*** GIVEN RECORDS Section Begins ***
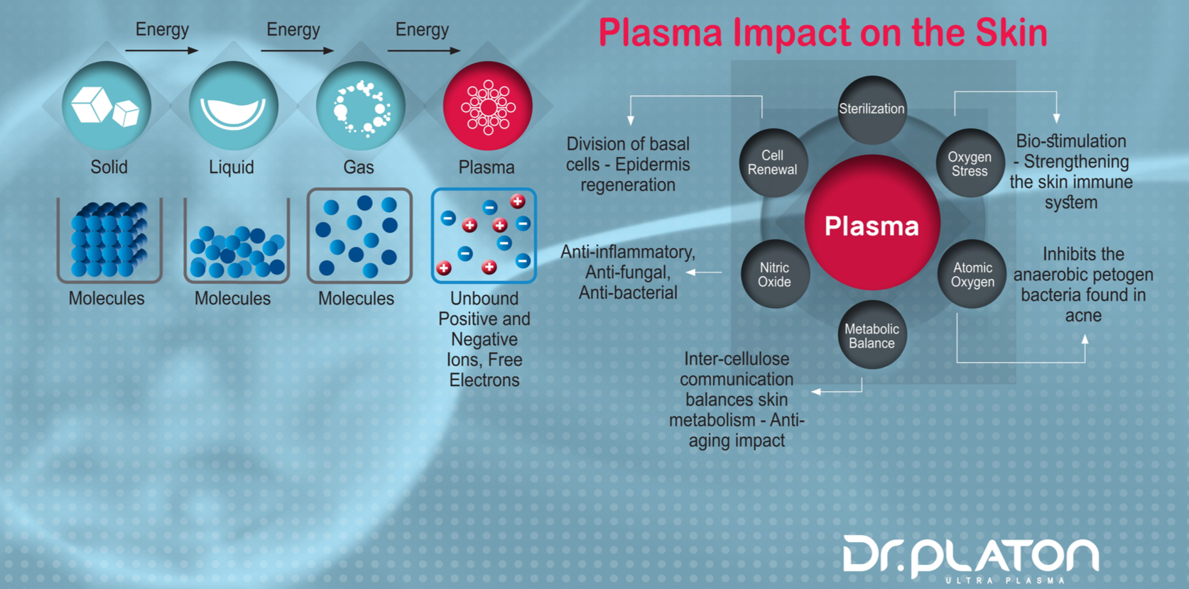 Plasma is one of the four fundamental states of matter (together with solid, liquid, and gas). It consists of a gas of irons – atoms which have some of their orbital electrons removed – and free electrons. Plasma can be artificially generated by heating a neutral gas, or by subjecting it to a strong electromagnetic field. Plasma of Oxygen and Nitrogen (the main gases in the air around us) has a major therapeutic impact on skin cells in the DNA level.
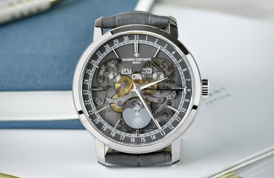 ▲江詩丹頓Traditionnelle系列新作蘊含實用全日曆加月相功能,且品牌採用藍寶石水晶面盤,徹底解放機芯的複雜結構,讓人一窺其立體層次。
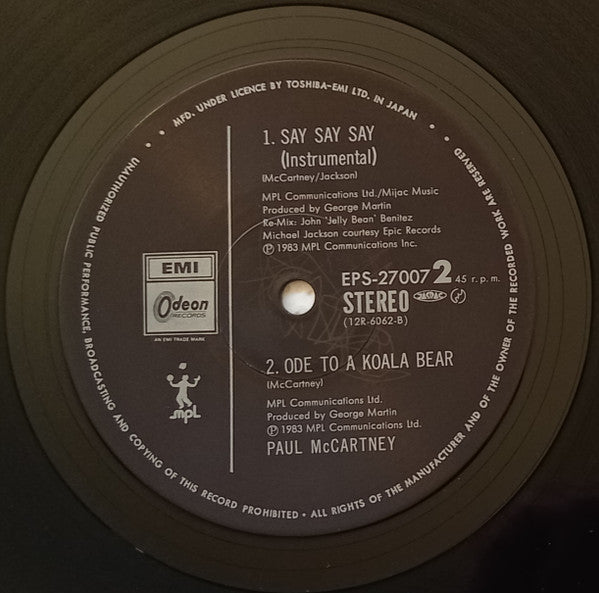 ℗1983 MPL Communications Inc.Manufactured by Toshiba EMI, Ltd., Japan
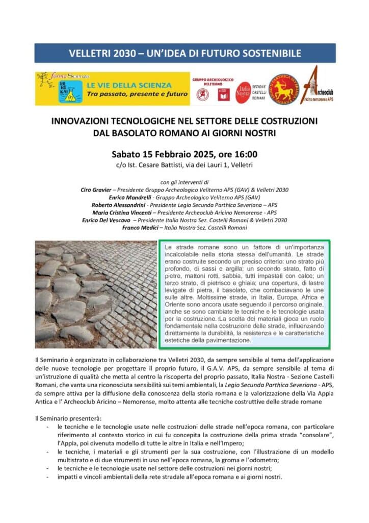 Con Velletri 2030 “Innovazioni Tecnologiche nel settore delle costruzioni: dal Basolato romano ai giorni nostri”
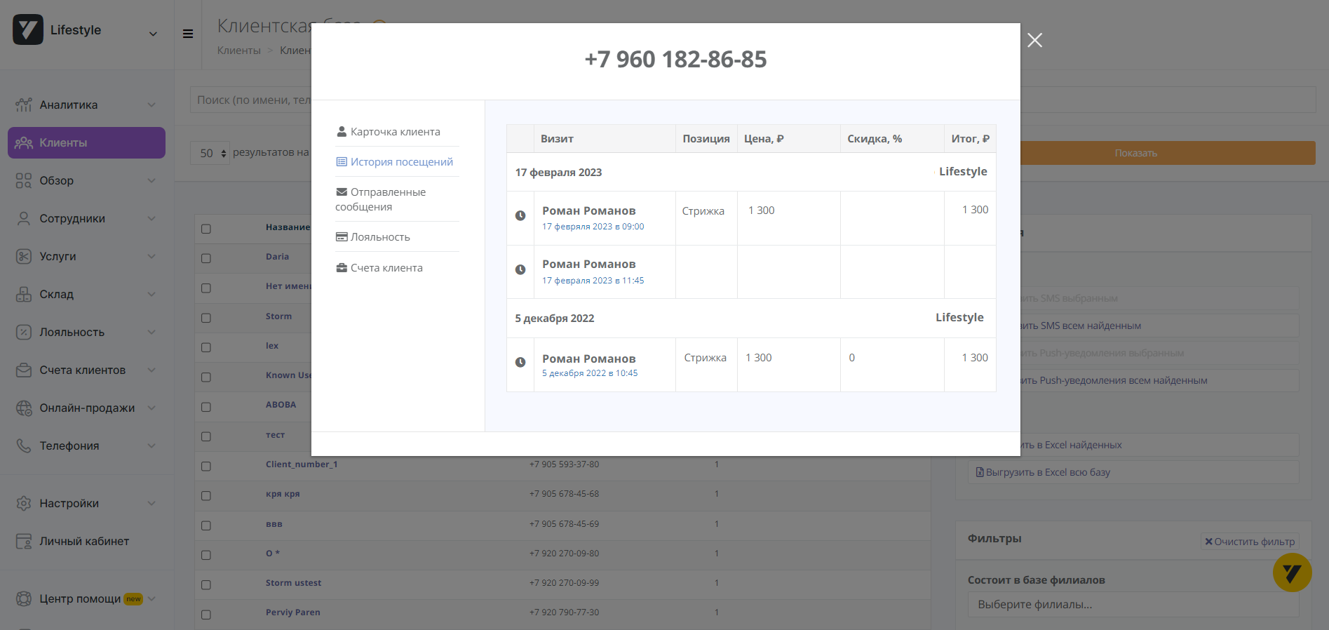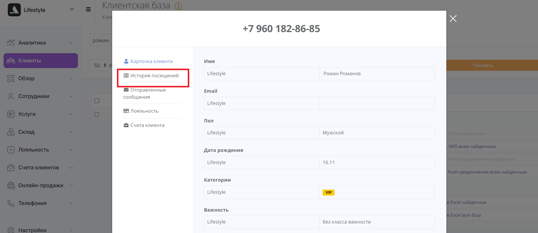 Кликните на имя в таблице. Вы попадете в персональную карточку клиента. Выберите «История посещений».
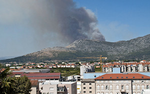 12.8.2012. - Veliki požar koji je jučer planuo kraj Komina i dalje se širi unatoč svim napornima gasitelja. Danas su ga gasila dva kanadera no vatra nošena vjetrom i dalje napreduje padinama Rujnice. Na terenu je 20 vatrogasnih vozila, ali zbog nepristupačnosti pomažu jedino zračne snage.
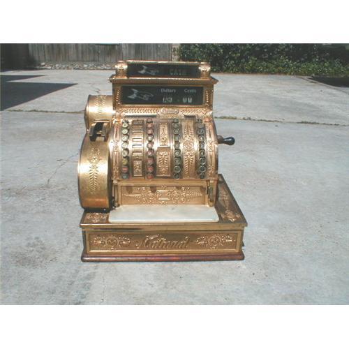 Here is a solid brass, NATIONAL, cash register in very good to excellent condition.  The surface of the register is still shiny bright.  The keys and drawer mechanisms all work properly. Every thing works on this register! It has ACCOUNT KEYS A thru K and will ring up to $9.99 of merchandise. The marble finger rest is original to the register. This register is a heavy 150 pounds and will require shipment by motor freight.
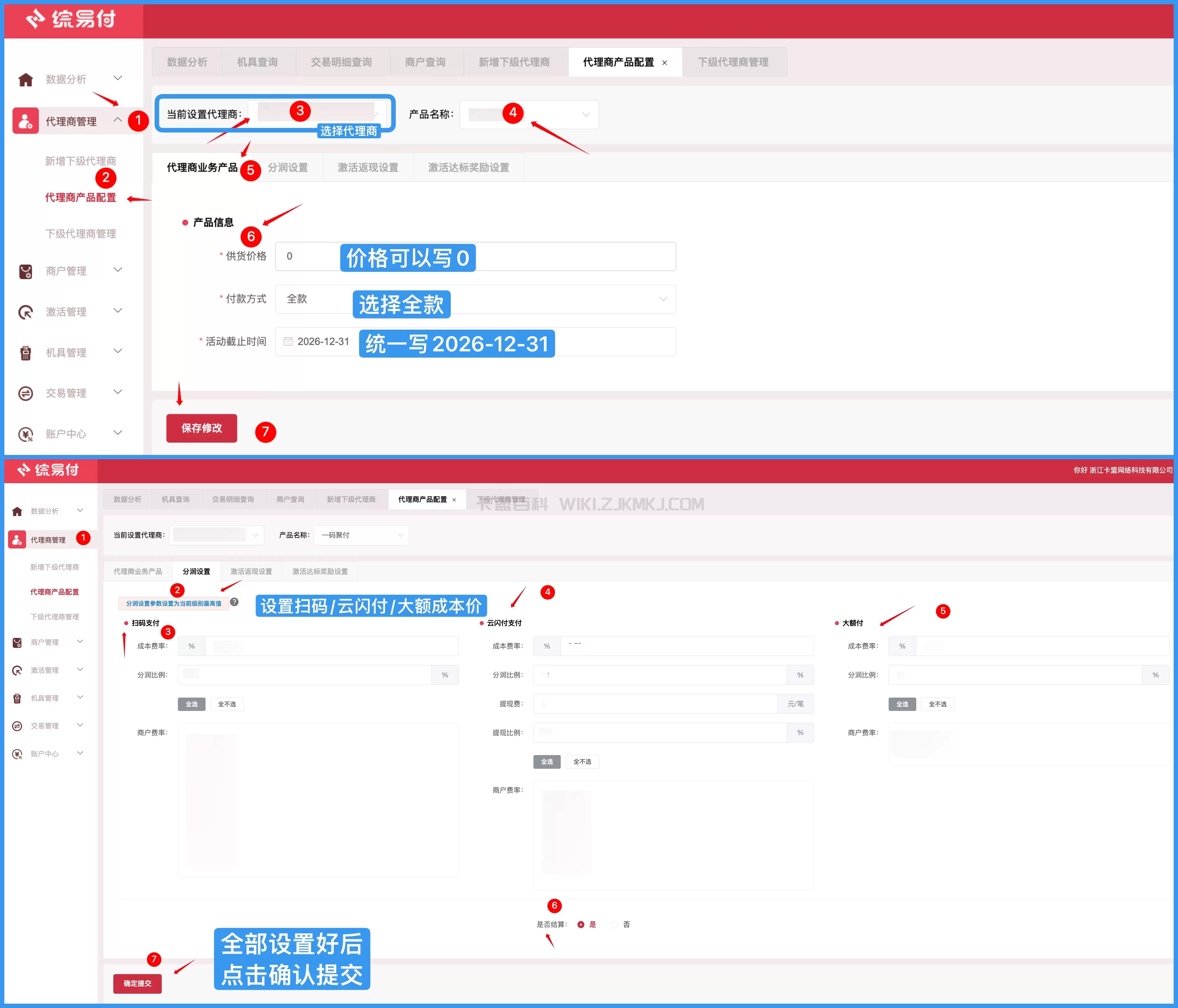 综易付电脑端:点击代理商管理-代理商产品配置-选择代理-填写信息-设置费率-确认提交
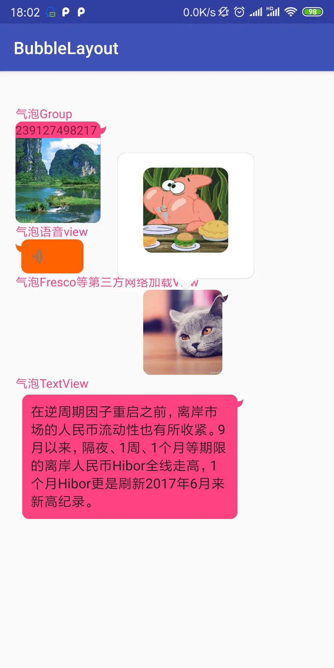 在即时通讯类应用里,很常见各种气泡布局包裹消息,通常我们采用.9图实现。但是使用气泡图片面临着间距不可控,如果是图片消息,此方法就无法实现气泡。本文将介绍如何更加用优雅的方式去实现自定义气泡布局。
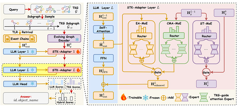 时序知识图谱(TKG)外推旨在基于历史事实预测未来事件。近期的研究尝试将 TKG 的演化结构表示与文本事件链整合到大语言模型(LLM)中以提升推理能力,但面临图演化结构表示与 LLM 语义空间对齐不足以及结构特征在LLM微调过程中被逐渐稀释的问题。为此,研究团队提出时空知识适配器(STK-Adapter),通过将演化图编码器与 LLM 灵活整合以促进 TKG 推理。具体而言,设计时空混合专家模块以建模 TKG 的空间结构与时间演化模式;引入事件感知混合专家模块以捕捉事件链中的时间语义依赖;同时构建跨模态对齐混合专家模块,通过 TKG 引导的注意力机制实现深层跨模态对齐。在多个基准数据集上的实验结果表明,STK-Adapter 显著优于现有最先进方法,并在跨数据集场景中展现出良好的泛化能力。
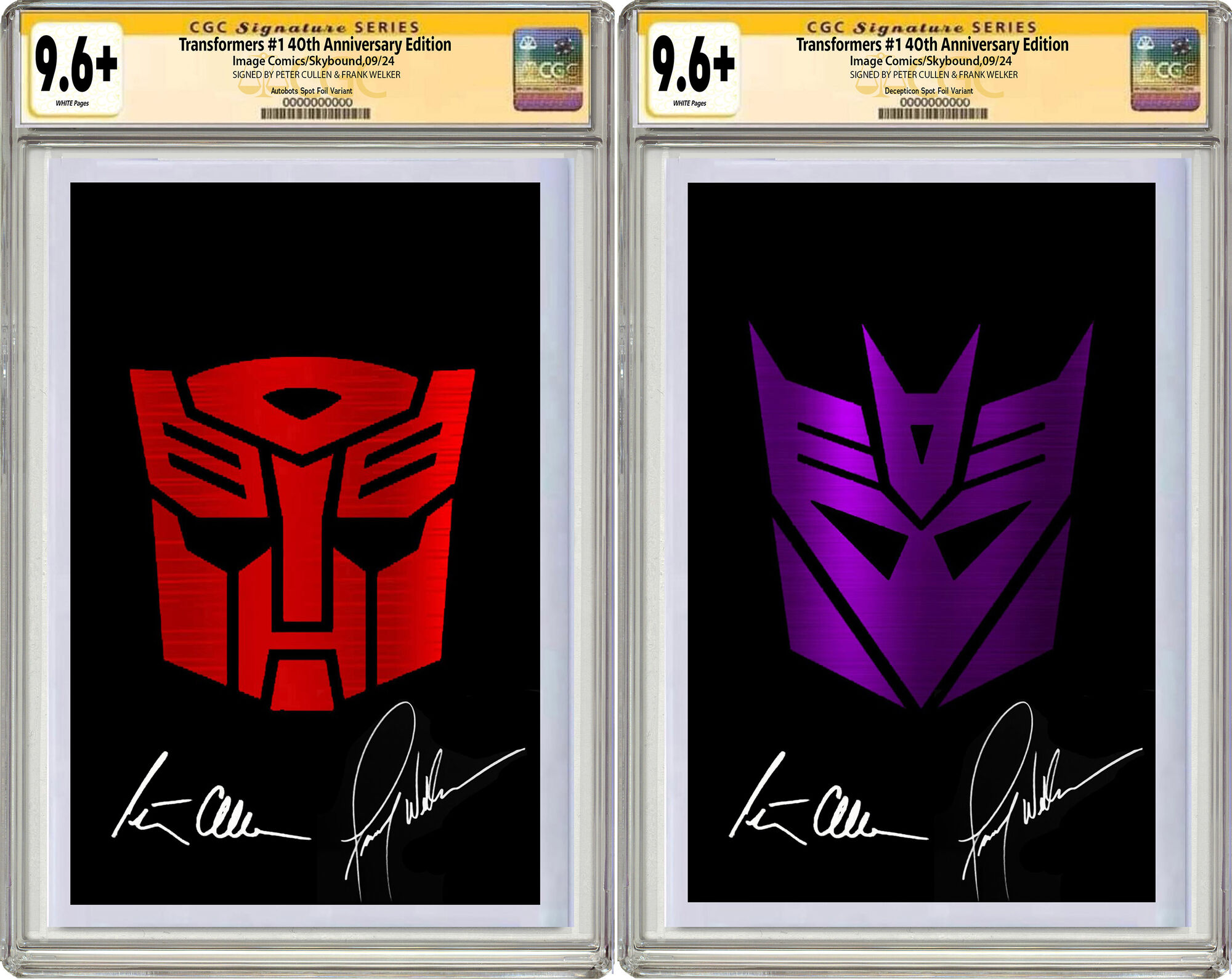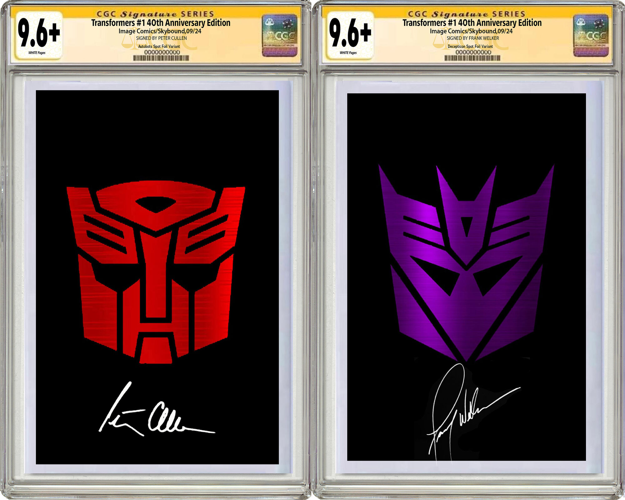 AUTOBOTS OR DECEPTICONS LOGO FOIL VARIANT COVER SIGNED BY BOTH PETER CULLEN & FRANK WELKER $349.99 EACH
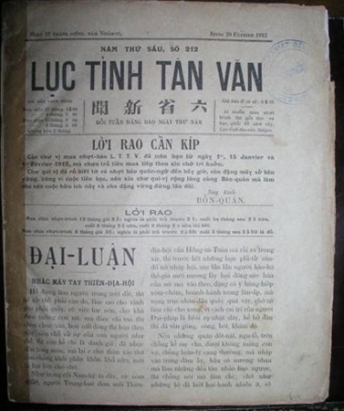 Báo Lục Tỉnh Tân Văn phát hành năm 1912 viết về những băng đảng Thiên Địa Hội mất tôn chỉ phản Thanh phục Minh thoái hóa thành hoàng hồ.
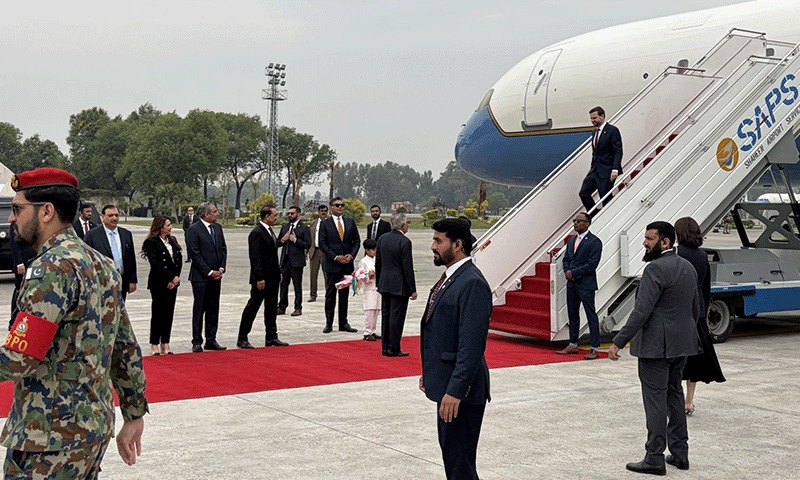 امریکی نائب صدر جے ڈی وینس کے ہمراہ خصوصی ایلچی اسٹیو وٹکوف اور جیرڈ کشنر بھی وفد میں شامل ہیں۔ وفد کی آمد پر نائب وزیراعظم و وزیر خارجہ اسحاق ڈار، چیف آف ڈیفنس فورسز و آرمی چیف فیلڈ مارشل سید عاصم منیر اور وزیر داخلہ سید محسن رضا نقوی نے استقبال کیا۔
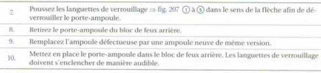Fig. 207 Bloc de feu arrière dans la carrosserie : dépose du porte ampoule.(1)
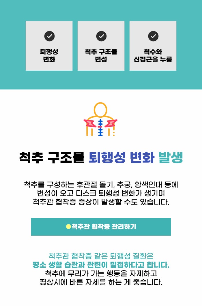 척추 구조물의 퇴행성 변화가 진행되고 척추관을 구성하는 추궁, 황색인대, 후관절 돌기 등에 변성이 오고 두꺼워지면서 척추관이 좁아지는 게 척추관 협착증의 중요 원인일 수도 있다고 합니다. 신체의 퇴행성 변화는 원한다고 해서 쉽게 막을 수 있는 것은 아닌데요. 하지만 나쁜 자세, 무리한 활동도 척추관 문제에 영향을 줄 수 있기에 바꿀 수 있는 자세부터 관심을 가지고 좋은 자세를 유지하기 위해 노력하는 게 필요할 수 있겠습니다.
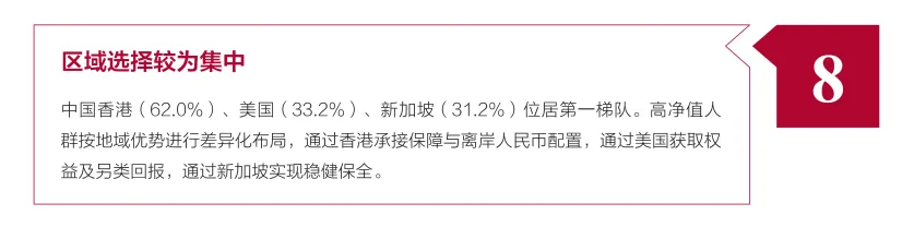 核心数据:中国香港(62.0%)、美国(33.2%)、新加坡(31.2%),是境外资产配置的第一梯队。香港侧重保障与离岸人民币配置,美国侧重权益及另类回报,新加坡侧重稳健保全。
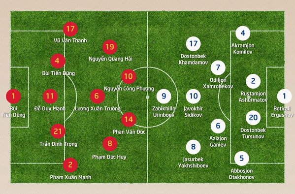 Các học trò của HLV Park Hang-seo sẽ dùng trang phục đỏ - từng sử dụng trong các trận thắng Australia và Iraq ở giải đấu trên đất Trung Quốc. Uzbekistan mặc đồ màu trắng.
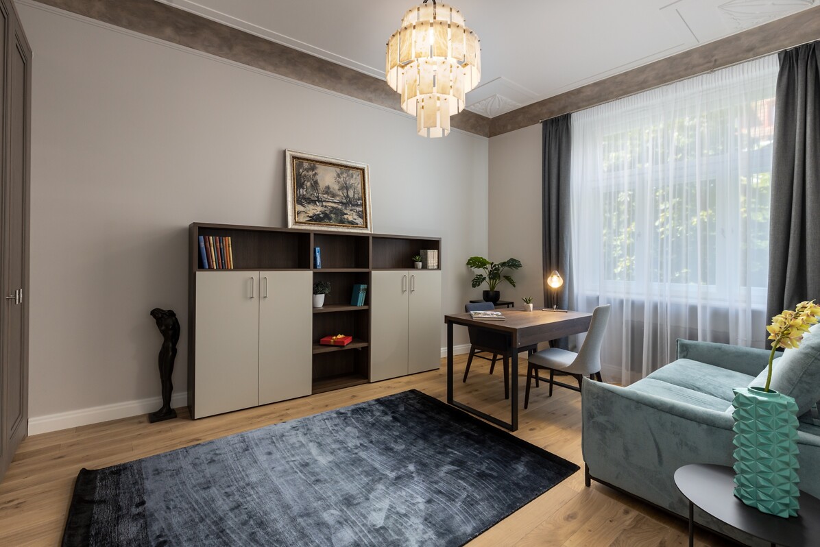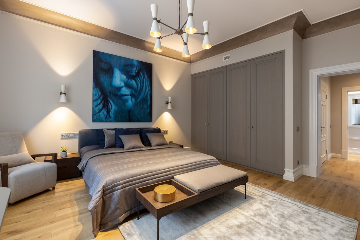 Напольное покрытие - высококачественный дубовый паркет Amber Wood, на стенах дизайнерские обои и высококлассная декоративная покраска. В санузлах установлена сантехника и оборудование производителей класса люкс Vispool, Globo, Nicolazzi, Hansgrohe. В каждой из квартир на Аусекля 14 продуманная планировка, в которой предусмотрено место для встраиваемых шкафов, гардеробов, хозяйственных помещений. Во всех квартирах есть балкон или французский балкон, который вместе с высокими потолками и роскошными декорами югендстиля создают элегантное и элитное настроение в квартирах.
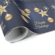 Christmas Party Golden Ornament Navy Blue Elegant Wrapping Paper. Unique, beautiful, stylish design. Easy to be personalized. Font style, size and colors can be changed. Matching items are available.
*** GIVEN RECORDS Section Ends ***
WHAT TO PRODUCE:
Pictures are to be left out; all else in the entries above is to be quoted exactly.

RESPONSE TO THIS EXERCISE:
 Plasma is one of the four fundamental states of matter (together with solid, liquid, and gas). It consists of a gas of irons – atoms which have some of their orbital electrons removed – and free electrons. Plasma can be artificially generated by heating a neutral gas, or by subjecting it to a strong electromagnetic field. Plasma of Oxygen and Nitrogen (the main gases in the air around us) has a major therapeutic impact on skin cells in the DNA level.
 ▲江詩丹頓Traditionnelle系列新作蘊含實用全日曆加月相功能,且品牌採用藍寶石水晶面盤,徹底解放機芯的複雜結構,讓人一窺其立體層次。
 ℗1983 MPL Communications Inc.Manufactured by Toshiba EMI, Ltd., Japan
 Con Velletri 2030 “Innovazioni Tecnologiche nel settore delle costruzioni: dal Basolato romano ai giorni nostri”
 Кликните на имя в таблице. Вы попадете в персональную карточку клиента. Выберите «История посещений».
 12.8.2012. - Veliki požar koji je jučer planuo kraj Komina i dalje se širi unatoč svim napornima gasitelja. Danas su ga gasila dva kanadera no vatra nošena vjetrom i dalje napreduje padinama Rujnice. Na terenu je 20 vatrogasnih vozila, ali zbog nepristupačnosti pomažu jedino zračne snage.
 Here is a solid brass, NATIONAL, cash register in very good to excellent condition.  The surface of the register is still shiny bright.  The keys and drawer mechanisms all work properly. Every thing works on this register! It has ACCOUNT KEYS A thru K and will ring up to $9.99 of merchandise. The marble finger rest is original to the register. This register is a heavy 150 pounds and will require shipment by motor freight.
 综易付电脑端:点击代理商管理-代理商产品配置-选择代理-填写信息-设置费率-确认提交
 在即时通讯类应用里,很常见各种气泡布局包裹消息,通常我们采用.9图实现。但是使用气泡图片面临着间距不可控,如果是图片消息,此方法就无法实现气泡。本文将介绍如何更加用优雅的方式去实现自定义气泡布局。
 时序知识图谱(TKG)外推旨在基于历史事实预测未来事件。近期的研究尝试将 TKG 的演化结构表示与文本事件链整合到大语言模型(LLM)中以提升推理能力,但面临图演化结构表示与 LLM 语义空间对齐不足以及结构特征在LLM微调过程中被逐渐稀释的问题。为此,研究团队提出时空知识适配器(STK-Adapter),通过将演化图编码器与 LLM 灵活整合以促进 TKG 推理。具体而言,设计时空混合专家模块以建模 TKG 的空间结构与时间演化模式;引入事件感知混合专家模块以捕捉事件链中的时间语义依赖;同时构建跨模态对齐混合专家模块,通过 TKG 引导的注意力机制实现深层跨模态对齐。在多个基准数据集上的实验结果表明,STK-Adapter 显著优于现有最先进方法,并在跨数据集场景中展现出良好的泛化能力。
 AUTOBOTS OR DECEPTICONS LOGO FOIL VARIANT COVER SIGNED BY BOTH PETER CULLEN & FRANK WELKER $349.99 EACH
 Báo Lục Tỉnh Tân Văn phát hành năm 1912 viết về những băng đảng Thiên Địa Hội mất tôn chỉ phản Thanh phục Minh thoái hóa thành hoàng hồ.
 امریکی نائب صدر جے ڈی وینس کے ہمراہ خصوصی ایلچی اسٹیو وٹکوف اور جیرڈ کشنر بھی وفد میں شامل ہیں۔ وفد کی آمد پر نائب وزیراعظم و وزیر خارجہ اسحاق ڈار، چیف آف ڈیفنس فورسز و آرمی چیف فیلڈ مارشل سید عاصم منیر اور وزیر داخلہ سید محسن رضا نقوی نے استقبال کیا۔
Fig. 207 Bloc de feu arrière dans la carrosserie : dépose du porte ampoule.(1)
 척추 구조물의 퇴행성 변화가 진행되고 척추관을 구성하는 추궁, 황색인대, 후관절 돌기 등에 변성이 오고 두꺼워지면서 척추관이 좁아지는 게 척추관 협착증의 중요 원인일 수도 있다고 합니다. 신체의 퇴행성 변화는 원한다고 해서 쉽게 막을 수 있는 것은 아닌데요. 하지만 나쁜 자세, 무리한 활동도 척추관 문제에 영향을 줄 수 있기에 바꿀 수 있는 자세부터 관심을 가지고 좋은 자세를 유지하기 위해 노력하는 게 필요할 수 있겠습니다.
 核心数据:中国香港(62.0%)、美国(33.2%)、新加坡(31.2%),是境外资产配置的第一梯队。香港侧重保障与离岸人民币配置,美国侧重权益及另类回报,新加坡侧重稳健保全。
 Các học trò của HLV Park Hang-seo sẽ dùng trang phục đỏ - từng sử dụng trong các trận thắng Australia và Iraq ở giải đấu trên đất Trung Quốc. Uzbekistan mặc đồ màu trắng.
 Напольное покрытие - высококачественный дубовый паркет Amber Wood, на стенах дизайнерские обои и высококлассная декоративная покраска. В санузлах установлена сантехника и оборудование производителей класса люкс Vispool, Globo, Nicolazzi, Hansgrohe. В каждой из квартир на Аусекля 14 продуманная планировка, в которой предусмотрено место для встраиваемых шкафов, гардеробов, хозяйственных помещений. Во всех квартирах есть балкон или французский балкон, который вместе с высокими потолками и роскошными декорами югендстиля создают элегантное и элитное настроение в квартирах.
 Christmas Party Golden Ornament Navy Blue Elegant Wrapping Paper. Unique, beautiful, stylish design. Easy to be personalized. Font style, size and colors can be changed. Matching items are available.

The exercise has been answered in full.